## Task directions
Set down every line below, word for word.

START Material for this exercise

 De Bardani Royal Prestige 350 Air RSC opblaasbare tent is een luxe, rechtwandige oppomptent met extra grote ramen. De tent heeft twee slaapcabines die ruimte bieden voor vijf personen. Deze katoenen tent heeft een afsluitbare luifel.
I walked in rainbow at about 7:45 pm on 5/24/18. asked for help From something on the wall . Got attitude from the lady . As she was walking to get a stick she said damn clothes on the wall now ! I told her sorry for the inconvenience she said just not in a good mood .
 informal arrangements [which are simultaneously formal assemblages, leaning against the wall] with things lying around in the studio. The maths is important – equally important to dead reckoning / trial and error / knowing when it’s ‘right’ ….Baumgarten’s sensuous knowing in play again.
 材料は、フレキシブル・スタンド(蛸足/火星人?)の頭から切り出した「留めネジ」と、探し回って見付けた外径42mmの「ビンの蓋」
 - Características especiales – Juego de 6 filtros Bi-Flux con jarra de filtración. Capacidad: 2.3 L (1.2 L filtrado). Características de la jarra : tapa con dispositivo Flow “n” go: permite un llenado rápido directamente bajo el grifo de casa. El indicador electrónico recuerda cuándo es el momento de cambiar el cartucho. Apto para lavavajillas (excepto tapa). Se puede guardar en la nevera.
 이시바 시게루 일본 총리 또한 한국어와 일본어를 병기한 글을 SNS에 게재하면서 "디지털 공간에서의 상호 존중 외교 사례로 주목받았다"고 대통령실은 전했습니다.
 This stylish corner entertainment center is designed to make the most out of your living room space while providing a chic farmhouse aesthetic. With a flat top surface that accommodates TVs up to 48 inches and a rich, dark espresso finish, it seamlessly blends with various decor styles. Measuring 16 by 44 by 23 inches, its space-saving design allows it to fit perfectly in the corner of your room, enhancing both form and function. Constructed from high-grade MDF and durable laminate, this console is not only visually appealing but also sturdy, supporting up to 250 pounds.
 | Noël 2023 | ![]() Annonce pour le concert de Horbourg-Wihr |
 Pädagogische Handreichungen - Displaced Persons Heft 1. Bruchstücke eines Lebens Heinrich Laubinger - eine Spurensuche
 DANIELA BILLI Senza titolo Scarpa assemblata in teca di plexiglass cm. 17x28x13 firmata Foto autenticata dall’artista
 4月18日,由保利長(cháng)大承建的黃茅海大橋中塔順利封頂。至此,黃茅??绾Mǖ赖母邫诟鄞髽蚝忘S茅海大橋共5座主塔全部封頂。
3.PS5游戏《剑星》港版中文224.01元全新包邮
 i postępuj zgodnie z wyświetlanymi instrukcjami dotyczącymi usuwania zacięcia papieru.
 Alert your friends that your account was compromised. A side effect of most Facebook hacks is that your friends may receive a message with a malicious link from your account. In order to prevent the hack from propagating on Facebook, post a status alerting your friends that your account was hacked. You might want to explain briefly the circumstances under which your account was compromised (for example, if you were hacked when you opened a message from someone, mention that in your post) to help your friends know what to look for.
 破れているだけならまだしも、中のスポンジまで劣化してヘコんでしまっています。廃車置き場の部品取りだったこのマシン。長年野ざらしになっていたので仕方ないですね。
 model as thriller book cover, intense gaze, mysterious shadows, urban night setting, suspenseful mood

END Material for this exercise

## Written solution
 De Bardani Royal Prestige 350 Air RSC opblaasbare tent is een luxe, rechtwandige oppomptent met extra grote ramen. De tent heeft twee slaapcabines die ruimte bieden voor vijf personen. Deze katoenen tent heeft een afsluitbare luifel.
I walked in rainbow at about 7:45 pm on 5/24/18. asked for help From something on the wall . Got attitude from the lady . As she was walking to get a stick she said damn clothes on the wall now ! I told her sorry for the inconvenience she said just not in a good mood .
 informal arrangements [which are simultaneously formal assemblages, leaning against the wall] with things lying around in the studio. The maths is important – equally important to dead reckoning / trial and error / knowing when it’s ‘right’ ….Baumgarten’s sensuous knowing in play again.
 材料は、フレキシブル・スタンド(蛸足/火星人?)の頭から切り出した「留めネジ」と、探し回って見付けた外径42mmの「ビンの蓋」
 - Características especiales – Juego de 6 filtros Bi-Flux con jarra de filtración. Capacidad: 2.3 L (1.2 L filtrado). Características de la jarra : tapa con dispositivo Flow “n” go: permite un llenado rápido directamente bajo el grifo de casa. El indicador electrónico recuerda cuándo es el momento de cambiar el cartucho. Apto para lavavajillas (excepto tapa). Se puede guardar en la nevera.
 이시바 시게루 일본 총리 또한 한국어와 일본어를 병기한 글을 SNS에 게재하면서 "디지털 공간에서의 상호 존중 외교 사례로 주목받았다"고 대통령실은 전했습니다.
 This stylish corner entertainment center is designed to make the most out of your living room space while providing a chic farmhouse aesthetic. With a flat top surface that accommodates TVs up to 48 inches and a rich, dark espresso finish, it seamlessly blends with various decor styles. Measuring 16 by 44 by 23 inches, its space-saving design allows it to fit perfectly in the corner of your room, enhancing both form and function. Constructed from high-grade MDF and durable laminate, this console is not only visually appealing but also sturdy, supporting up to 250 pounds.
 | Noël 2023 | ![]() Annonce pour le concert de Horbourg-Wihr |
 Pädagogische Handreichungen - Displaced Persons Heft 1. Bruchstücke eines Lebens Heinrich Laubinger - eine Spurensuche
 DANIELA BILLI Senza titolo Scarpa assemblata in teca di plexiglass cm. 17x28x13 firmata Foto autenticata dall’artista
 4月18日,由保利長(cháng)大承建的黃茅海大橋中塔順利封頂。至此,黃茅??绾Mǖ赖母邫诟鄞髽蚝忘S茅海大橋共5座主塔全部封頂。
3.PS5游戏《剑星》港版中文224.01元全新包邮
 i postępuj zgodnie z wyświetlanymi instrukcjami dotyczącymi usuwania zacięcia papieru.
 Alert your friends that your account was compromised. A side effect of most Facebook hacks is that your friends may receive a message with a malicious link from your account. In order to prevent the hack from propagating on Facebook, post a status alerting your friends that your account was hacked. You might want to explain briefly the circumstances under which your account was compromised (for example, if you were hacked when you opened a message from someone, mention that in your post) to help your friends know what to look for.
 破れているだけならまだしも、中のスポンジまで劣化してヘコんでしまっています。廃車置き場の部品取りだったこのマシン。長年野ざらしになっていたので仕方ないですね。
 model as thriller book cover, intense gaze, mysterious shadows, urban night setting, suspenseful mood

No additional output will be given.